* _Activity_: Set down, exactly as written, the lines from the line holding "イベント期間中のダメージポイ" to the end of the data, inclusive, skipping any pictures.

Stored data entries
"""
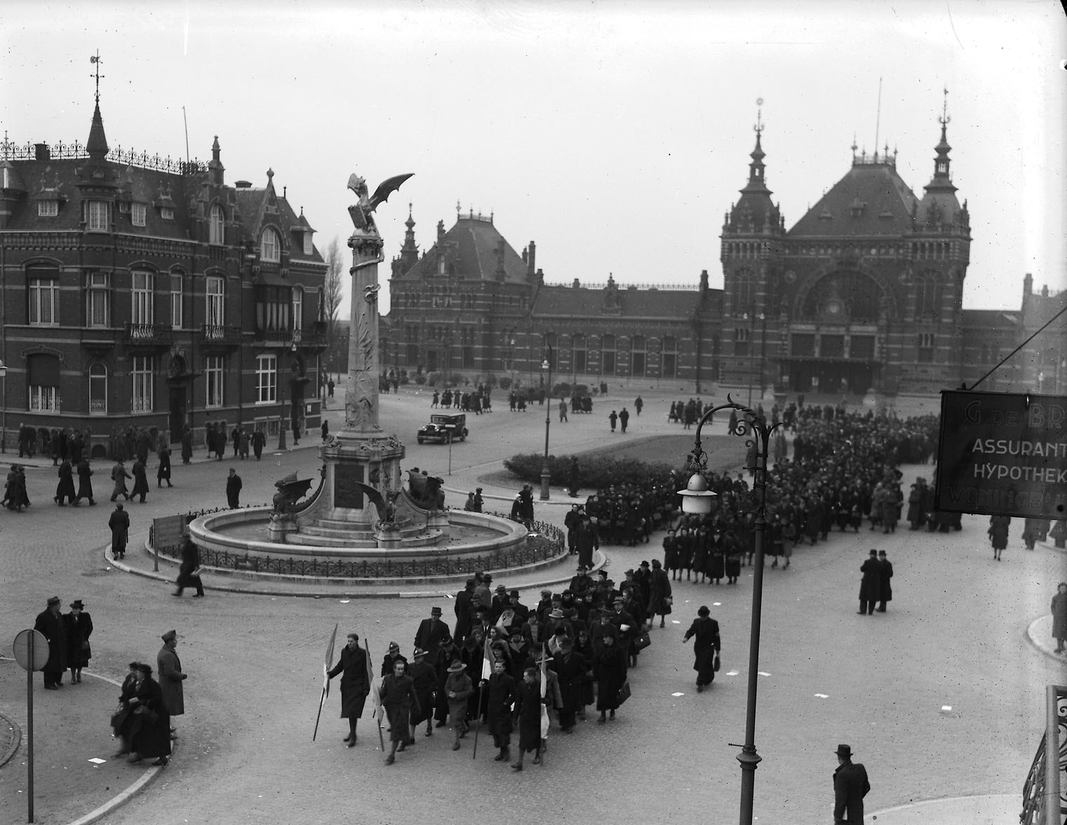Deze foto is gemaakt op 11 februari 1940 op het Stationsplein. We zien bedevaartgangers uit het centraal station op de achtergrond lopen.
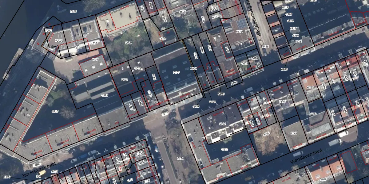Het adres is gelegen op perceel 7070 in de sectie T en de kadastrale gemeente Amsterdam. De kadastrale aanduiding is aldus ASD16-T-7070. De oppervlakte van het perceel is 560 m². Dat is groter dan gemiddeld in Amsterdam, waar de gemiddelde perceeloppervlakte op 245,33 m² ligt. Het grootste perceel in de kadastrale gemeente is 3,3 ha. Het kleinste perceel heeft een oppervlakte van 0 m². Op het perceel zijn 14 adressen aanwezig. De huidige grenzen van het perceel zijn digitaal in de Basisregistratie Kadaster (BRK) geregistreerd op 17-03-2015.
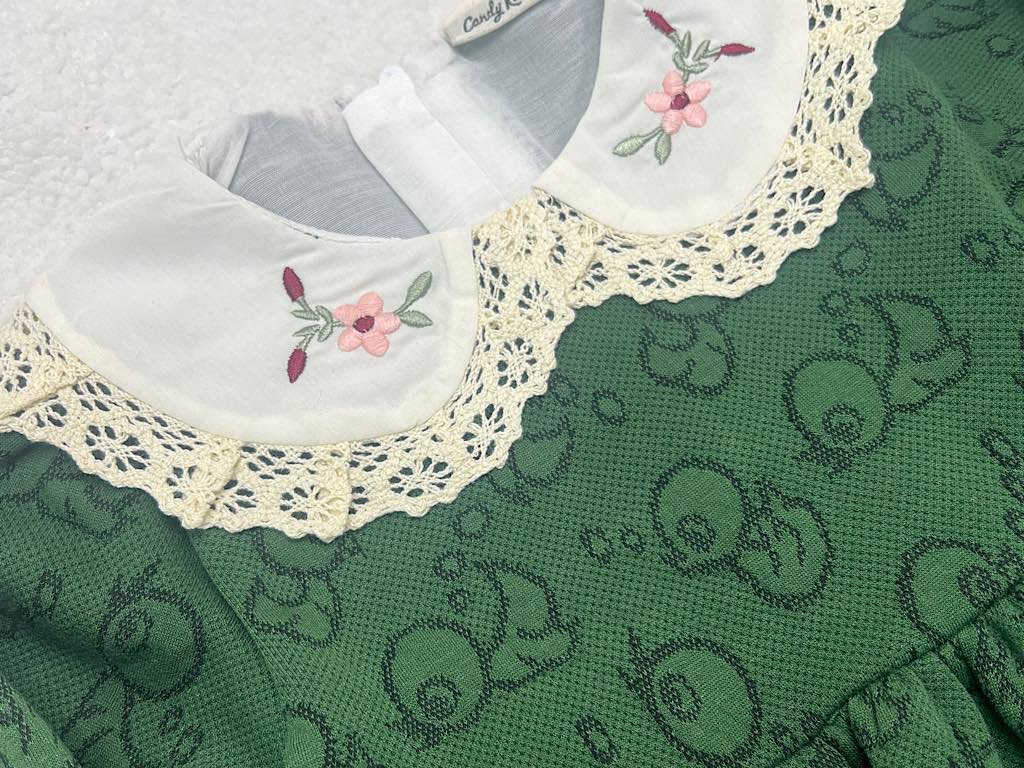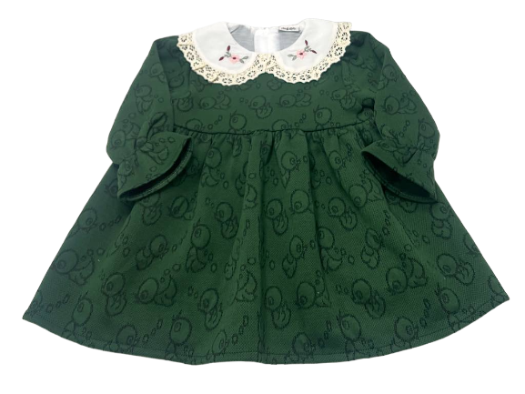 سارافون دخترانه ژاکارد یقه گلدوزی سبز
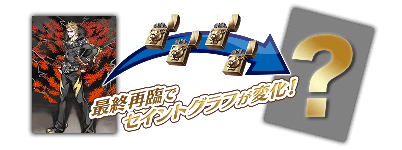 イベント期間中のダメージポイント報酬でしか手に入らない「ゴールデンベアライター」を使って、霊基再臨を4回繰り返すと、セイントグラフに変化が!
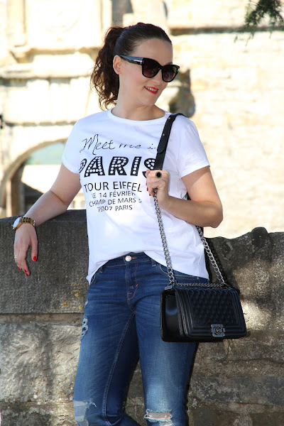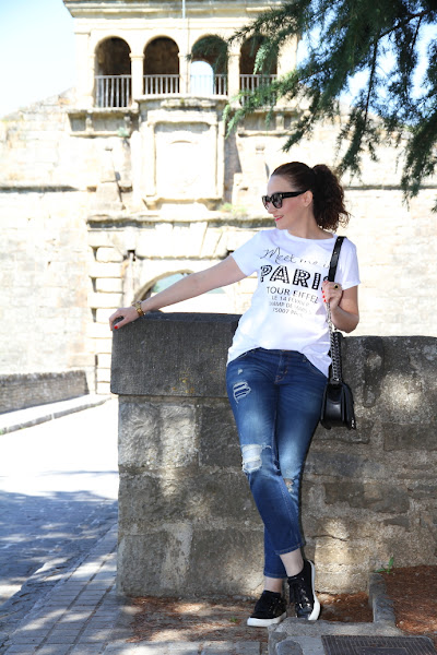 Hoy vengo con un look sencillo de los que me gusta llevar en mis ratos de ocio cuando quiero ir cómoda. Este fue el outfit elegido para pasar un día en la montaña disfrutando del paisaje y haciendo un poco de turismo. Como siempre confié en los tejanos, para mi la prenda por excelencia porque lo llevo a lo largo de todo el año y nunca me canso de ellos. Esta vez opté por jeans tobilleros que combiné con una camiseta con mensaje en blanco y negro. En los pies mis nuevas zapatillas, desde hacía tiempo me apetecían unas en color negro y al ver estas simplemente me enamoraron.
"""
* _Your solution_:
 イベント期間中のダメージポイント報酬でしか手に入らない「ゴールデンベアライター」を使って、霊基再臨を4回繰り返すと、セイントグラフに変化が!
 Hoy vengo con un look sencillo de los que me gusta llevar en mis ratos de ocio cuando quiero ir cómoda. Este fue el outfit elegido para pasar un día en la montaña disfrutando del paisaje y haciendo un poco de turismo. Como siempre confié en los tejanos, para mi la prenda por excelencia porque lo llevo a lo largo de todo el año y nunca me canso de ellos. Esta vez opté por jeans tobilleros que combiné con una camiseta con mensaje en blanco y negro. En los pies mis nuevas zapatillas, desde hacía tiempo me apetecían unas en color negro y al ver estas simplemente me enamoraron.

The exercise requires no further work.